The Mercury X1 is a wheeled humanoid robot composed of the Mercury B1 and a high-performance mobile base, boasting 19 DOF. Its single arm is a 7-DOF humanoid robotic arm. The entire machine is equipped with the NVIDIA Jetson Xavier as its main controller.

The mobile base has extensive sensory capabilities, including high-performance LiDAR, ultrasonic sensors, and 2D vision sensors. Its direct-drive motor system allows it to reach a maximum speed of 1.2 m/s, climb obstacles up to 2 cm high, and handle inclines up to 15 degrees. The maximum battery life of the whole machine is up to 8 hours.

Moreover, the Mercury X1 supports mainstream simulation software such as ROS, Moveit, Gazebo, and Mujoco, enhancing the robot’s ability for autonomous learning and rapid iteration.
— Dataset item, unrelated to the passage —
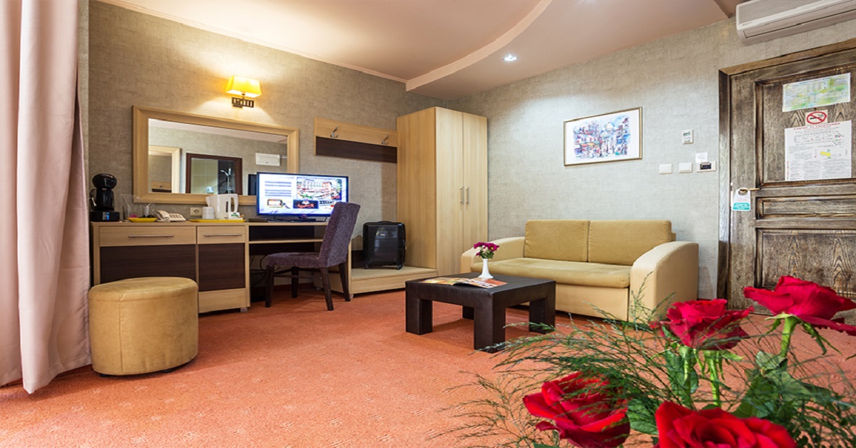 Стаи: Всички помещения са модерно обзаведени с TV, мини бар, интернет, телефони, SOS аларма, противопожарна система, контрол на достъпа, видеонаблюдение и фоново озвучение на коридори и общи части.

myCobot Pro Adaptive Gripper

The myCobot Pro Adaptive Gripper is designed to be compatible with the Mercury X1. It provides substantial gripping force and features a standard M8 aviation connector interface.

Camera Flange

The camera module compatible with the Mercury X1 can be mounted at the end of the robot’s arms and used in conjunction with the gripper. The camera captures relevant information about objects, utilizing this data for machine vision recognition algorithms. Through a USB interface, the data is transmitted to the Jetson Nano main controller for further processing.

Technical Highlights

Next, we will introduce the key technologies used in this project.

pymycobot

pymycobot is a control library designed by Elephant Robotics specifically for their robotic arm products. This library allows users to conveniently and quickly call APIs to achieve precise control and operation of the robot. pymycobot provides a wide range of functional interfaces, simplifying the programming process and enabling developers to focus on application development.

OpenCV

OpenCV is an open-source computer vision library. Through this library, users can easily and quickly call various image processing and computer vision APIs to achieve image recognition, object detection, and image transformation. OpenCV offers a rich set of functional interfaces, streamlining the development process and allowing developers to concentrate on application implementation.

STag

STag is a stable marker code widely used in the fields of computer vision and robot positioning. With STag, users can achieve reliable object recognition and tracking. STag provides robust performance and easily integrable interfaces, simplifying developers’ tasks in positioning and recognition applications.

Project

The primary functions of the entire project are robotic arm motion control, hand-eye calibration (coordinate system transformation), and machine vision recognition. Let’s first introduce the most important aspect: machine vision recognition.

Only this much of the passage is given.